Clinical data and pain outcomes
Longitudinal data included the validated Oxford Hip Score (OHS)21,22 at baseline and 12 months post-surgery. The OHS assesses pain and hip function whereby 12 items are scored on a 0 to 4 Likert scale (0 = worst, 4 = best). The item scores are summed to a composite score of 0 to 48, with a higher score representing better hip function. The 12-month postoperative outcome was defined as the change in OHS between 12 months post-surgery and baseline (ΔOHS).

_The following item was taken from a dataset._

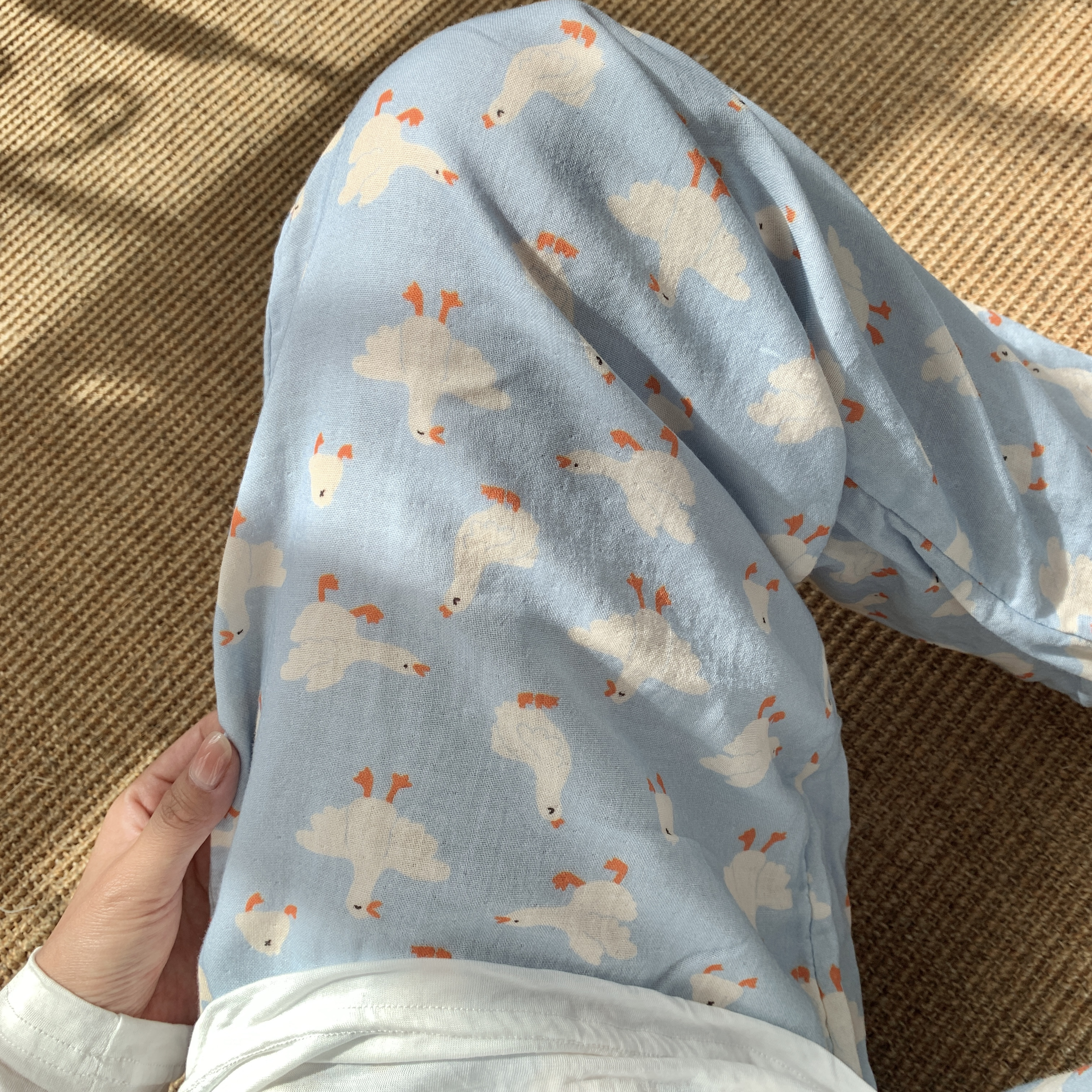 双层纱布睡裤 可外穿全棉遛弯家居裤 长裤 薄款 女夏季 大白鹅

Baseline data were collected via an online questionnaire within 24 hours before the operation and included biological sex, age, height, weight, and work situation. Furthermore, participants were asked to estimate their general physical activity into either primarily sedentary purposes, physical activity for at least four hours per week, active sports/heavy work, or competitive sports. Pain intensity was assessed using a numerical rating scale (NRS) ranging from 0 to 10, with 0 indicating “no pain” and 10 “worst pain imaginable".23 A total pain score was calculated as the sum score of the worst pain, average pain, and pain at rest during the last week. The pain sum score was used in the analysis. Pain-related interference on daily life at baseline was assessed using the Pain Disability Index (PDI),24 in which interference with different daily activities is scored on a zero- to ten-point Likert scale, with 0 indicating “no disability” and 10 “worst disability”. Only the five voluntary activity items from the PDI were collected, as previous psychometric analyses indicated that the obligatory activation subscale (self-care activities and life-support activities) has low internal reliability in this population.25 This created a total score of 0 to 50, with higher scores expressing higher levels of pain interference. Additionally, at baseline, OA severity was assessed visually by a consultant orthopaedic surgeon (CV) based on radiographs of the affected hip, using the Kellgren-Lawrence (KG) classification grading OA from 0 “no signs of OA” to 4 “severe OA”.26
Laboratory analysis
From the TNF superfamily, we quantified TNF and lymphotoxin α (LTα) levels, as well as the levels of the cognate receptors TNF Receptor 1 (TNFR1) and TNF Receptor 2 (TNFR2). From the interleukin (IL)-1 family, we quantified levels of IL-1α, IL-1β, and IL-1 receptor-antagonist (IL-1Ra), where the latter competes the two first for binding to the IL-1 receptor. We also quantified IL-6 levels, as well as levels of its signalling transducing receptor glycoprotein 130 (gp130) and the IL-6 receptor (IL-6R). Finally, we quantified IL-8 levels.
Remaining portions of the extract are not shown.